The PFMI refers to international standards set down for financial institutions. The scope of the PFMI is to enhance the safety and efficiency of financial institutions, limit systemic risk, and foster transparency and financial stability.

Which stablecoins need to follow PFMI and how

The PFMI already provides guidelines to determine which FMIs are essential. For instance, any FMI that has the potential to trigger a systemic disruption is considered to be important. To identify which stablecoins are important, the BIS guidance has laid down further criteria.

This includes the size of the stablecoin, which can be determined through various data points, including the number of users and transactions, the value of transactions, and the value of stablecoins in circulation.

While assessing the importance of stablecoins, authorities also need to consider the risk profile of the stablecoin, how connected it is to the traditional financial system, and whether or not it can be substituted for time-critical services the BIS report said.

The report, however, said that countries could choose whether or not they want to make the observance of PFMI mandatory for stablecoins.

The BIS guidance has elaborated on governance, risk management, settlement finality, and money settlements that stablecoins should follow. For instance, the BIS report said there should be one or more clearly identifiable legal entities operated by a few people who can be held responsible and accountable. Additionally, stablecoin issuers need to monitor the stablecoin’s risks regularly and implement appropriate risk management frameworks to mitigate those risks.

The BIS report added that stablecoin issuers need to minimize and strictly control the credit and liquidity risks of the stablecoin and ensure that the “stablecoin is an acceptable alternative to the use of central bank money.”

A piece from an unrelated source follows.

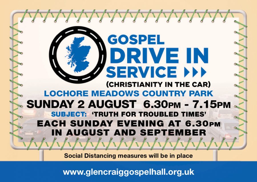 It has been a long time! For months we have not been able to have any services in the Glencraig Gospel Hall. While we are now able to meet at the hall there is a cap of 50 people maximum. Knowing that many of you want to attend a Christian service we have created a drive-in service at Lochore Meadows Country Park. This short service will take place each Sunday throughout August and September at 6.30 p.m. starting Sunday August 2.

A critical remark is that the guidance does not cover stablecoins pegged to a basket of fiat currencies. The report added that the BIS would continue to study if the current guidelines are sufficient for such multi-currency-backed stablecoins.

The guidance added that stablecoins might have other “shortcomings” beyond the scope of the PFMI, like consumer protection, data privacy, anti-money laundering, and terrorism financing.

Therefore, regulation, supervision, and oversight of stablecoins alone may not be sufficient to tackle these challenges and needs to be as said by the report:

“complemented by other private or public sector efforts.These efforts could be such as improvements in existing payment infrastructures and exploration or development of central bank digital currency,”

Continued regulatory pressure towards stablecoins

The regulation of stablecoins has become a priority for governments and international organizations since the collapse of the Terra ecosystem in May shined a spotlight on the potential risks posed by these assets.

Sir Jon Cunliffe, Chair of the CPMI and Deputy Governor for Financial Stability at the Bank of England, said that while the present market disruptions have caused widespread losses, the disturbances do not qualify as “systemic events.” However, these market turmoils point out the speed with which market confidence is eroded during such times and the intense volatility of cryptocurrencies, Cunliffe said. He warned:

“Such events could become systemic in the future, especially given the strong growth in these markets and the increasing linkages between cryptoassets and with traditional finance.”